For 120 years, City College stood proud as New York’s academically elite and affordable college “for the whole people.” Since losing part of its autonomy to adoptive parent CUNY, however, City also lost its message–but not the original City purpose.
To stand out among both CUNY brethren and across the NYC landscape, City needed to assert its unchanging relevance–not to its umbrella system, but to the determined New Yorkers who had always made the most of their City.
Founded in 1847 as America’s first free institution of higher education, City College opened its doors as one of the nation’s great democratic experiments. But with the advent of open enrollment in 1970 and umbrella-organization CUNY’s increased role in governance, City’s flagship reputation—and sense of unique identity—became a bit muddled. With the exception of a few niche programs like architecture and engineering, this once-famed College faded from the forefront of New Yorkers’ minds.
Once-proud and generous alums tightened their purse strings, while prospective students increasingly viewed City as a safety option rather than a first choice.
As City College harkened back to the past—touting their 11 Nobel Laureates and heralded alumni like Jonas Salk and Colin Powell—the rest of New York wondered what City College could bring to the future.
Our strategy: Don’t simply recapture the City of the past, but assert City College’s unchanging relevance today. From its inception through its heyday, those who excelled at City—including those 11 Nobel Laureates—shared one common trait: they were strivers. Motivated, ambitious, hard-working, diverse, and gritty intellectuals-in-the-making.
Today’s City students were born of the same ilk. They possessed the same will and wherewithal to convert a sliver of opportunity into a lifetime of success. So we branded the transformative outcome of what happens when the City student—the striver—seizes the opportunity afforded by City College, reanimating the institution’s inspiring legacy by linking it to the present’s equally impressive accomplishments. That approach could prove equally potent to alumni, donors, and prospective students alike.
City College continued to serve as the city’s College—still opening doors to strivers and meeting New York’s evolving needs as its original public university. For alumni who counted themselves among those “City originals,” the donor piece’s ruled notebook and clipboard—complete with freshly sharpened pencil—transported them back to their own college days not for the purpose of nostalgia, but to evoke the moment of greatest potential success as they arrived at City with little more than bare essentials and their own determination.
School-specific pieces—used for both fundraising and recruitment purposes—united the College’s varied academic paths under a consistent City College umbrella, while differentiating each School from strong local competitors. One and all, they tout today’s City successes, reinforcing City’s continued relevance for the next generation of strivers, students who come from different backgrounds and different parts of the world, but who share the all-important “striver DNA.”

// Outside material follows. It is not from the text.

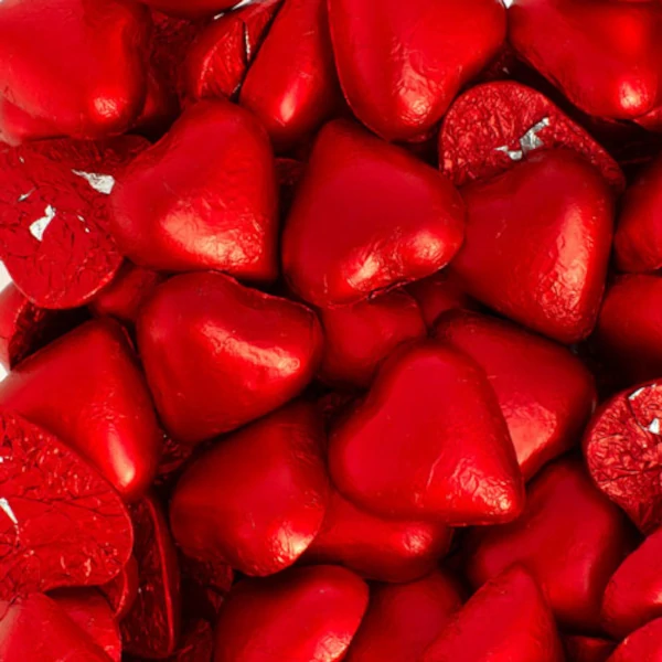 Estes bombons são de chocolate de leite e estão embrulhados num papel vermelho que dá um toque elegante e romântico. Perfeitos dar elegância à mesa de doces da festa de Natal da empresa ou familiar!

For prospective students—New York originals in their own right—new materials targeted the pragmatic striver by highlighting City’s proud legacy of extending opportunity to those willing to do the work while simultaneously proving the relevance and value of a City College degree today. Here—and only here—students benefited from this 160-year tradition carried forward, joined a roll of highly accomplished and influential alumni, and shaped their own dynamic future among a student body and faculty as diverse as New York itself.
Only two years into the new CRANE program, City College generated city-wide interest far beyond the already unique engineering and architecture schools. Enrolled student SAT scores increased by 50 points and donor gifts flooded in, far surpassing fundraising goals.
What’s more, both long-time faculty members and recent hires lauded the school’s new messaging, reporting that it provided greater cohesion around the College’s mission and attracted prominent professors and scholars to the College. City College continued to build off the newly generated momentum in launching capital projects, one of which established the Colin Powell School for Social Thought and Public Purpose.